You are viewing a plain text version of this content. The canonical link for it is here.

Posted to users@spamassassin.apache.org by Jesse Norell <je...@kci.net> on 2017/07/12 15:59:14 UTC

txrep training performance

Hello,

  I have txrep data in a mysql database, and am working on a training
script to run sa-learn; with bayes also in MySQL and a corpus size of
5279 nspam and 849 nham, sa-learn takes a full 2 hours to run with txrep
enabled (use_txrep 1), but only 13 minutes with txrep disabled
(use_txrep 0).  One of my main gripes with the old AWL was that it
didn't learn/correct when training messages, so I love that txrep does
that, but does anyone have any tips to improve txrep training
performance?  Either tweaks/improvements on my end, or even a little
thought on logic redesign in that area?

Thanks,

-- 
Jesse Norell
Kentec Communications, Inc.
970-522-8107  -  www.kci.net

Re: txrep training performance

Posted by Jesse Norell <je...@kci.net>.

For anyone interested, I largely resolved the performance issues with
sa-learn training when using txrep with a little mysql server tuning.
As a reference point, training with ~6400 messages (most of which had
already been learned) took about 14 minutes for both txrep+bayes, and
about 3.5 minutes less with txrep disabled.  (you could do much better
with better hardware)


For those interested in improving txrep training performance, I wonder
if it couldn't be improved tremendously; I'm a little unclear on what it
does/doesn't track, and by this statement:

        https://apache.googlesource.com/spamassassin/+/trunk/lib/Mail/SpamAssassin/Plugin/TxRep.pm#1805

        The TxRep plugin currently does track each message individually,
        hence it does not detect when you learn the message repeatedly.
        It will add/subtract the penalty/bonus score each time the
        message is fed to the spam learner.

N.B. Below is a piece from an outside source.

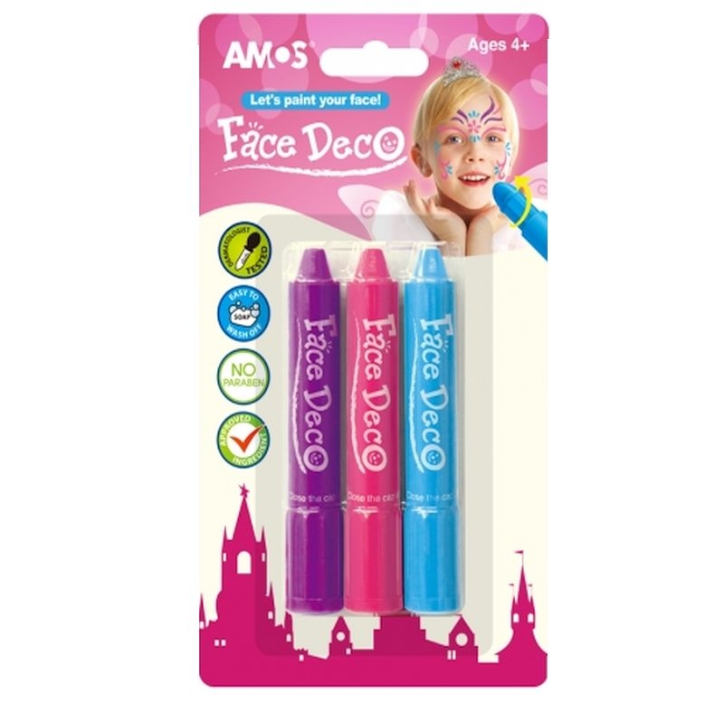 Χρώματα προσώπου Amos Face Deco σετ 3 τεμαχίων. Ανακαλύψτε ένα σύνολο ζωγραφικής για το πρόσωπο από την Amos, ιδανικό για εσάς και το παιδί σας!

Is that a typo?  If it does track individual messages, it seems obvious
that it *should* detect learning a message repeatedly, and do nothing
when you try to re-learn a message as the same type.  (I have some
queries save, and such but eg. learning a message the first time issued
19 queries - relearning the same message as the same time issued 41
queries.)

My guess is the current state of things is:  could be improved, maybe
file an rfe   ?


Thanks...



On Wed, 2017-07-12 at 17:40 -0600, Jesse Norell wrote:
> One thing pointing to maybe a need for reworking the training logic is
> that I have txrep_track_messages at the default (1), and almost every
> message in my corpus has already been trained; each run brings in only a
> handful of new messages (usually 10-20, but often 0, and always < 100).
> It sure seems like a quick check to find out if it has already learned
> this message as the same type (ham/spam) would take a single query, then
> move on to the next message for those already seen; but I see sa-learn
> doing many INSERTS (usually failing with 'Duplicate entry') and UPDATEs
> of the txrep table.
> 
> 
> On Wed, 2017-07-12 at 09:59 -0600, Jesse Norell wrote:
> > Hello,
> > 
> >   I have txrep data in a mysql database, and am working on a training
> > script to run sa-learn; with bayes also in MySQL and a corpus size of
> > 5279 nspam and 849 nham, sa-learn takes a full 2 hours to run with txrep
> > enabled (use_txrep 1), but only 13 minutes with txrep disabled
> > (use_txrep 0).  One of my main gripes with the old AWL was that it
> > didn't learn/correct when training messages, so I love that txrep does
> > that, but does anyone have any tips to improve txrep training
> > performance?  Either tweaks/improvements on my end, or even a little
> > thought on logic redesign in that area?
> > 
> > Thanks,
> > 
> 
> 


-- 
Jesse Norell
Kentec Communications, Inc.
970-522-8107  -  www.kci.net

Re: txrep training performance

Posted by Jesse Norell <je...@kci.net>.

One thing pointing to maybe a need for reworking the training logic is
that I have txrep_track_messages at the default (1), and almost every
message in my corpus has already been trained; each run brings in only a
handful of new messages (usually 10-20, but often 0, and always < 100).
It sure seems like a quick check to find out if it has already learned
this message as the same type (ham/spam) would take a single query, then
move on to the next message for those already seen; but I see sa-learn
doing many INSERTS (usually failing with 'Duplicate entry') and UPDATEs
of the txrep table.

On Wed, 2017-07-12 at 09:59 -0600, Jesse Norell wrote:
> Hello,
> 
>   I have txrep data in a mysql database, and am working on a training
> script to run sa-learn; with bayes also in MySQL and a corpus size of
> 5279 nspam and 849 nham, sa-learn takes a full 2 hours to run with txrep
> enabled (use_txrep 1), but only 13 minutes with txrep disabled
> (use_txrep 0).  One of my main gripes with the old AWL was that it
> didn't learn/correct when training messages, so I love that txrep does
> that, but does anyone have any tips to improve txrep training
> performance?  Either tweaks/improvements on my end, or even a little
> thought on logic redesign in that area?
> 
> Thanks,
> 

-- 
Jesse Norell
Kentec Communications, Inc.
970-522-8107  -  www.kci.net